А вот и передача: алюминиевый цилиндрик вроде того, в каком хранят сигары. Только этот прочнее, увесистей и сделан под заказ. Цилиндрик Дуале заботливо спрятал в тайничок у себя в поясе.

У себя в конторе Дуале держал тайно поставленный израильтянами генератор — примитивный, работающий на керосине самого что ни на есть сомнительного качества, но тем не менее дающий электричество, которого хватало на кондиционер и морозильную камеру. Так что на всем рынке Дуале был единственным, у кого всегда водилась свежая рыба.

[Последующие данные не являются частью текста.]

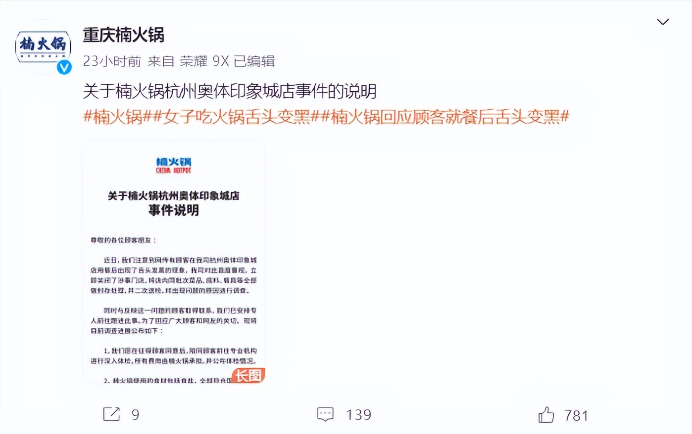 對于楠火鍋的回復(fù),有網(wǎng)友認為應(yīng)該和鐵鍋無關(guān),也有網(wǎng)友懷疑是亞硝酸鹽導(dǎo)致的。6月17日,楠火鍋發(fā)布了事件說明,否認了網(wǎng)友亞硝酸鹽、循環(huán)使用鍋底的猜測,表示“楠火鍋使用的食材全部符合國家標準,決不存在網(wǎng)傳的亞硝酸鹽等食品安全問題”。同時,承諾“所有門店使用的湯底均為一次性食用”。至于導(dǎo)致舌頭變黑的原因,還需要等專業(yè)機構(gòu)的檢測結(jié)果。

Сейчас среди нее возлежал метровой длины королевский горбыль, пойманный утром, а теперь каменный, замерзший в шпалу. Вечером шпалу с цилиндриком, вделанным глубоко во внутренности, примет его гонец-рыбак и отплывет с ней на юг. По пути он будет рыбачить и к пристани в Кисмайо причалит дня через два. Там рыбу, уже не вполне свежую, он продаст одному учетчику с рынка и скажет, что это «от друга». Какого друга, зачем — это не его, гонца, дело. В самом деле, он лишь бедный сомалиец, растящий четверых сыновей, которые когда-нибудь, даст-то бог, сменят отца на его старенькой рыбацкой посудине.

Затем двое посетителей порознь возвратились, допили кофе каждый за своим столиком и так же по отдельности разошлись. У себя дома (он жил при конторе) господин Дуале запихал цилиндрик рыбине в нутро, в самую глубь. Тем временем блондинистый гость, обмотав голову шемагом, возвратился на мопеде в пункт проката. Здесь он сдал «Пьяджо», забрал неизрасходованную часть депозита, а прокатчик из дружеского чувства подкинул его до отеля. С попутками и такси сегодня как-то не клеилось, а терять хорошего, хотя и нерегулярного клиента не хотелось.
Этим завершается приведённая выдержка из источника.